# Chicago-South Shore and Southbend RR



## Steve4031 (Sep 19, 2004)

I woke up early enough to get breakfast and assorted chores done by 10 a.m. After a long week at work, I started thinking about railroading options. After a quick look at Metra's online schedules, I determined that a ride on the CSS&SB was in order. I had ridden the line in the past to the Bendix station, but not to the new station in the airport at Southbend.

I put on my headphones, cranked up my M3 player, and left the house about 12:20 p.m. I walked to blocks to the Thorndale stop on the redline to ride downtown. About 45 minutes later, I was at the Lake street stop in downton Chicago. After a quick lunch (nachos) at a sports bar in the basement of Marshall Fields, I walked over to Randolph street to get my ticket. The station is still under construction, and will probably always be under construction.

I boarded the 2 pm departure at about 1:50 p.m. Made two quick cell phone calls to let my dad and girlfriend know that I was going railroading, and would be back in the evening.

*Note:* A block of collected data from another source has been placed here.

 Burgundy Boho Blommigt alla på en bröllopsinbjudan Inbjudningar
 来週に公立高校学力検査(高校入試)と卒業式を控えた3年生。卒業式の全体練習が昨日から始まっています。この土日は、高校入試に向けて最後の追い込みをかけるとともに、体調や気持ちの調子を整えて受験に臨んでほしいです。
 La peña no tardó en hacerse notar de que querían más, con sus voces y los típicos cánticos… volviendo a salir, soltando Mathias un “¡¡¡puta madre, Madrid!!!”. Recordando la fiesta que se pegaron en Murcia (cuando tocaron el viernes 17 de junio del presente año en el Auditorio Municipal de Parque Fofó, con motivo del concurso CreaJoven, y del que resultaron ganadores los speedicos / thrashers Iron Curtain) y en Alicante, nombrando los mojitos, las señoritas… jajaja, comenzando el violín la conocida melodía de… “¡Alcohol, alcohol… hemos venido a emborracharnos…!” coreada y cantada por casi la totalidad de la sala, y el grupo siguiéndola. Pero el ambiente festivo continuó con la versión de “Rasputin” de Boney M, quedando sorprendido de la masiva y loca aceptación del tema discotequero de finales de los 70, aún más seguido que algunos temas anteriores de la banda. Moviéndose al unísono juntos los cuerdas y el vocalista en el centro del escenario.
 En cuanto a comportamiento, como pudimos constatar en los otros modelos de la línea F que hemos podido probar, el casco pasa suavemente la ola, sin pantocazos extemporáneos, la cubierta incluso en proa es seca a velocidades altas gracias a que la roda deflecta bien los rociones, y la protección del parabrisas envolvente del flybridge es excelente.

The equipment was in immaculate condition. The windows were clean, and the bathrooms were usable. The cars were newer than the ones tha had been bought in the eighties, and I believe that they are an improvement.

We left on time, and made steady progress down the IC mentra tracks through Hyde Park and the Southside of Chicago. I was hoping to watch the tracks from the last car, and I plotted the movements of the conductor to see how closely he watched the platform. Ultimately, I decided to stay in the coach part of the car and look out through two windows rather than risk agravating the conductor.

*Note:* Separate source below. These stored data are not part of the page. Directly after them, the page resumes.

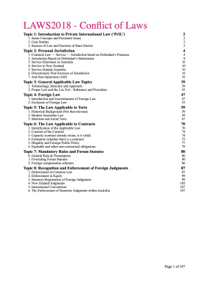 These are the ultimate Conflict of Laws notes that will provide you with order and structure in how you approach problem questions. I have produced a clear scaffold structure that is easy to read and navigate through. I have completed all the readings this semester to get the pinpoints you need that will give you the bonus marks in achieving that D/HD. Perfect for use whether from the beginning of semester (recommended!), or towards the end. Well worth the investment and saves you a lot of time and trouble from reading cases and re-watching lectures. ✓ Succinct information ✓ Comprehensive ✓ Colour-coded for easy reading Notes are also colour coded so that you can easily determine what is relevant. Light blue = key principle Pink = Cases Dark blue = legislation Red / bold = anything super key to point out Topics - Personal Jurisdiction - General Applicable Law Topics - Foreign Law - Law Applicable to Torts - Law Applicable to Contracts - Mandatory Rules and Forum Statutes - Recognition and Enforcement of Foreign Judgments
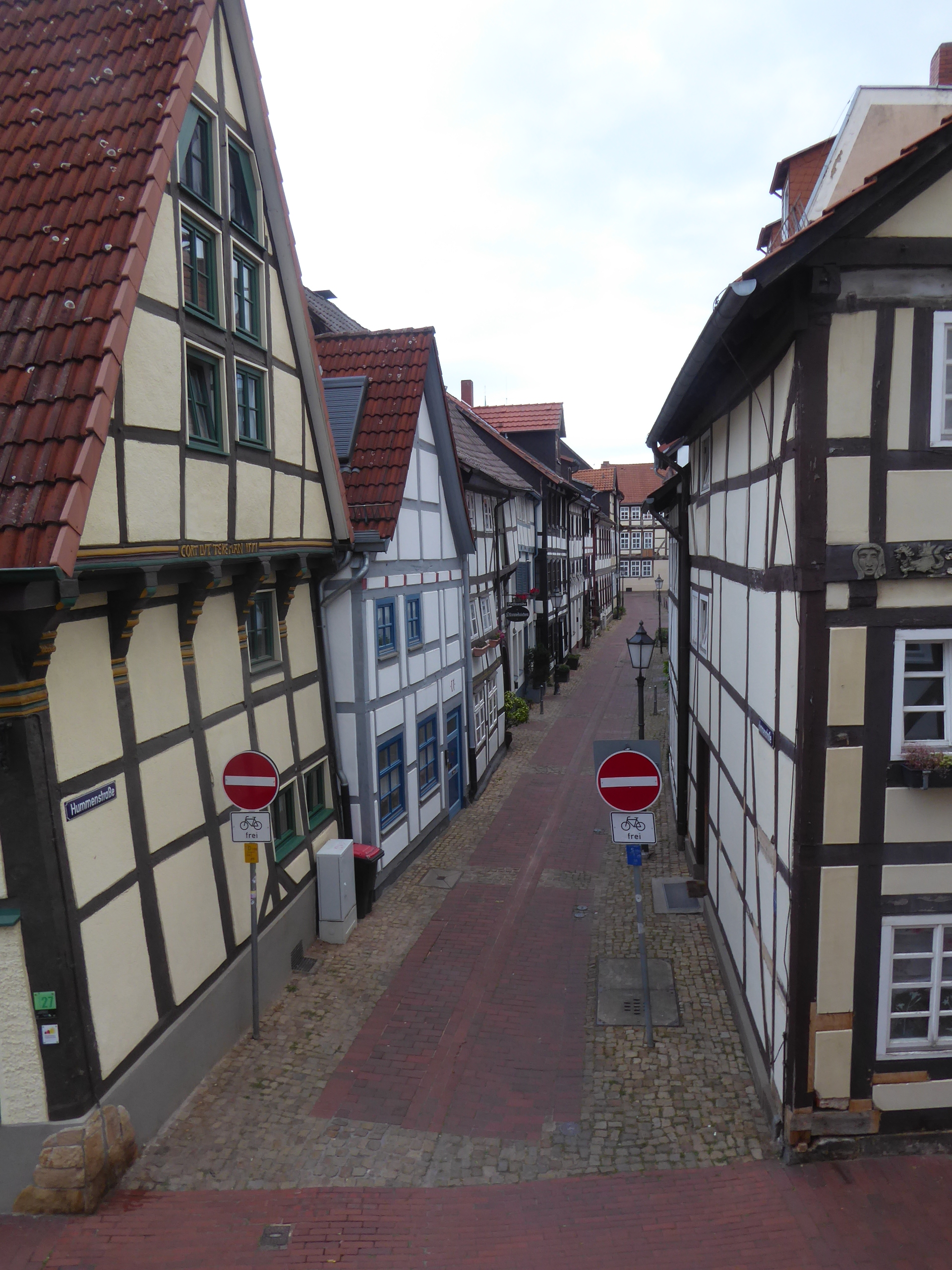 Even by our new-normal standards, this was a short day. The weather forecast was for a strong headwind and very strong gusts, so the idea of reaching Münster in one day was shelved. It was a pleasant ride nonetheless so long as you didn’t get hit by flying acorns, with – in deference to the distance – just the one cake for me today. At Warendorf we picked up the 100 Schlösser Route once again, and the Markt was a familiar sight from our previous visit. I had time to wander around the town – very well-kept and quiet, with cars kept out of the centre (and hence lots of bicycles).
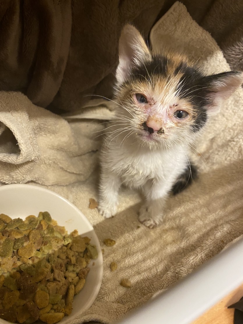 제목 그대로 태어난지 3주로 추정되는 삼색태비 여아 입보중입니다
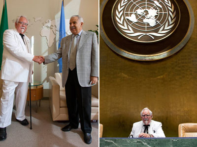 這位名叫湯普森的男子一頭白發(fā),戴著眼鏡,身穿肯德基創(chuàng)始人桑德斯上校標志性的白色西裝,打著黑色領結(jié),不知為何成功避開了嚴密的安保措施,混進位于美國紐約的聯(lián)合國總部大樓。他提出與聯(lián)合國大會新任主席、利比亞前外長阿里.圖里基握手合影,得到了對方回應。湯普森還成功地在聯(lián)大主會堂的聯(lián)合國徽標下拍了多張照片,從照片上看,好像在開會。
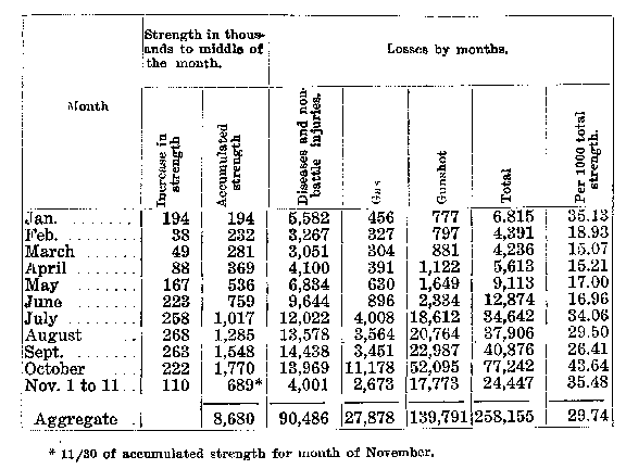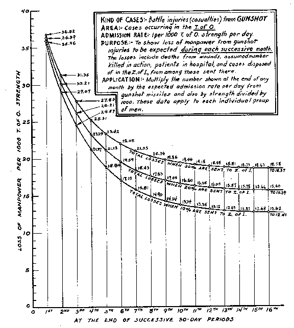 Loss of manpower from gunshot injuries in the Theater of Operations during successive months. |
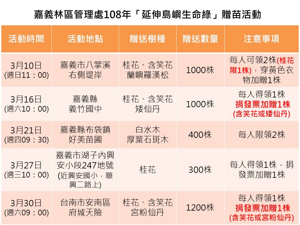林務局嘉義林區管理處為辦理植樹月「延伸島嶼生命綠」主題,與嘉義縣市及台南市政府合作於3月舉辦5場贈苗活動,預計送出約4,000株苗木。贈苗時間訂於3月10日(星期日)上午11時起在嘉義市八掌溪右側堤岸,嘉義市政府「黃花瘋市集」活動現場贈送桂花、含笑花及蘭嶼羅漢松等計1000株苗木,活動當日每人可領2株苗木,穿黃色衣服或褲子的民眾可再多領1株,苗木送完為止。 嘉義林管處張岱處長表示,樹木具有淨化空氣、調節氣候、涵養水源等功能,同時提供野生動物的生活空間,透過植樹月贈苗活動鼓勵更多民眾加入環境綠美化的行列,讓綠意延伸至你我家園。 嘉義林管處植樹月贈苗活動地點尚有3月16日(星期六)於嘉義縣義竹國中;3月21日(星期四)於嘉義縣布袋鎮好美苗圃;3月27日於嘉義市湖子內興安小段247-1地號;3月30日於台南市安南區府城天險等4場次,分別贈送桂花、含笑花、矮仙丹、宮粉仙丹、白水木及厚葉石斑木等計3,000株苗木,部分場次尚有國產材推廣、除蔓種樹綠經濟、國土綠網和里山、創意DIY、廉結島嶼生命綠等攤位歡迎民眾親自體驗。貼心提醒,各場次活動細節及贈苗樹種略有差異,詳情可洽嘉義林管處(電話05-2787006#374 黃小姐)詢問。
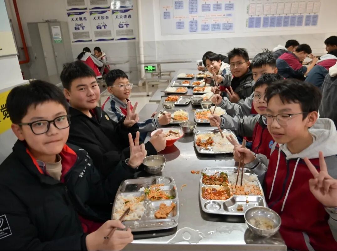 食堂里,大家齐聚一桌,偶尔与同学打趣说笑;餐桌旁,三五好友围坐,分享课堂趣事、畅谈课余见闻,爽朗的笑声不断传开。朋友齐聚的开心与美食刺激味蕾的愉悦,大家各自诉说着自己的快乐,分享零食,暖意融融。

The view was excellent. At 115th street, we crossed the IC freight and passenger tracks, and accellerated to 75 mph effortlessly. It was possible to see the speedometer in the operating compartment from my vantage point. The tracks were rock solid smooth. Several bridges had been improved since my earlier trips on this route. The fast running was interuppted by winding, twisting visits to older, decrepit neighborhoods on the south east side of Chicago and on into Indiana. At Gary, the train speeds along an elevated right ofway next to the Indiana Skyway. Several stations have also been upgraded. After Gary, there is additional slow running for several miles. Then the train accelerates back up to top speed. The fast running is interrupted by stops at small rural looking stations that are in the shadows of the industrial steel mills. For several miles, the South Shore tracks parallel the ex NYC line used by the Lake Shore Limited and Capiol Limited. Eventually, we take a roller-coaster ride up and over the NYC line before continuing on into Michigan City.

Michigan city is famous to rail fans for the South Shore's trip down the middle of the street. In the middle of town, we rattle across the single track main line of Amtrak's Michigan corridor. After a brief stop, the train continues on to the Carroll ave. stop where the south shore's yard and shops are located. Here, several cars are detatched from the end of the train. I am asked to move up to the front two cars.

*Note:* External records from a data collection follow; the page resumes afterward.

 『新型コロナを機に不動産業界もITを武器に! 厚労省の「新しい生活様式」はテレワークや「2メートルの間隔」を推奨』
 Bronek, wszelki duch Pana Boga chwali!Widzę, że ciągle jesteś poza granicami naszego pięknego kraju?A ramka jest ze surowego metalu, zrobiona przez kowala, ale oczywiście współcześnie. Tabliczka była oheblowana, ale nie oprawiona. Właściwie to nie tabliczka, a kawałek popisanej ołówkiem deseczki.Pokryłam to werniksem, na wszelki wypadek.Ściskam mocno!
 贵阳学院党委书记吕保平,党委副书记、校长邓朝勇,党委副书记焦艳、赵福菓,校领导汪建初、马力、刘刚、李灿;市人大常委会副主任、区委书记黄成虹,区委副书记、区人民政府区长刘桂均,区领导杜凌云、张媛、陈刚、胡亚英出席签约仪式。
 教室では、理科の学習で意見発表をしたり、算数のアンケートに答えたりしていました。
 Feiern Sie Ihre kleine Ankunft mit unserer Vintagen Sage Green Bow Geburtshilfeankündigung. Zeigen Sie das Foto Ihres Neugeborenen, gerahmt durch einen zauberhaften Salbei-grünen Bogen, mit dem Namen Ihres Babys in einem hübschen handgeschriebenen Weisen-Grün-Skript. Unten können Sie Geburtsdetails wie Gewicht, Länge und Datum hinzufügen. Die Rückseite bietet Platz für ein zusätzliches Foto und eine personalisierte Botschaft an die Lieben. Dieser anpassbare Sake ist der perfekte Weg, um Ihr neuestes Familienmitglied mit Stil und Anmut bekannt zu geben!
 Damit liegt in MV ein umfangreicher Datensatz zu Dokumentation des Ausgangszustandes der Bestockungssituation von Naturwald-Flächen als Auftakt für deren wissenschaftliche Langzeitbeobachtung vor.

After Michigan City, the train makes a brisk 30 mile run to Southbend. In years past, these tracks had been bumpy. Now, they were as smooth as the tracks west of Michigan City. A lot of work has been put into this railroad.

At Southbend, the train creeps along a branch line that twists and turns until it reaches the modern airport of Southbend. It is a five minute walk from the station to the ticketing gates at the airport. So this is a conveniet way to get to the airport. Also, the airport does have shops and a restaurnat and bar. Though on Saturday most of them were closed. I bought snacks from a vending machine before returning back to the train for the ride back to Chicago. I only spent about 20 minutes in South Bend.

I do not know about getting to downtown from this location, but I am sure that there is cab and bus service.

The trip back to Chicago was equally enjoyable in a coach seat. The seats were clean, and somewhat more comfortable than a tradtional surburban train seat. Though there is no leg room. The window was immaculately clean on this car too.

So . . . if you are in Chicago, and want to railraod, and have a day to do it, the CSS & SB is the answer.


----------



## EmpireBuilderFan (Sep 19, 2004)

It definitely sounds like you had a great trip. I'll have to add this route to my list of Chicago area rail trips.


----------



## AlanB (Sep 19, 2004)

EmpireBuilderFan said:


> It definitely sounds like you had a great trip. I'll have to add this route to my list of Chicago area rail trips.


I can highly recommend the South Shore Line. 

It's one of the last, if not the last, surviving interurban trains in the US. You get highspeed running, street running, and gauntlet track running (something that's very rare in the US).

It's a great ride and one of the longest available out of Chicago, that doesn't require Amtrak.


----------



## engine999 (Sep 20, 2004)

Actrually I think it is the last interurban.


----------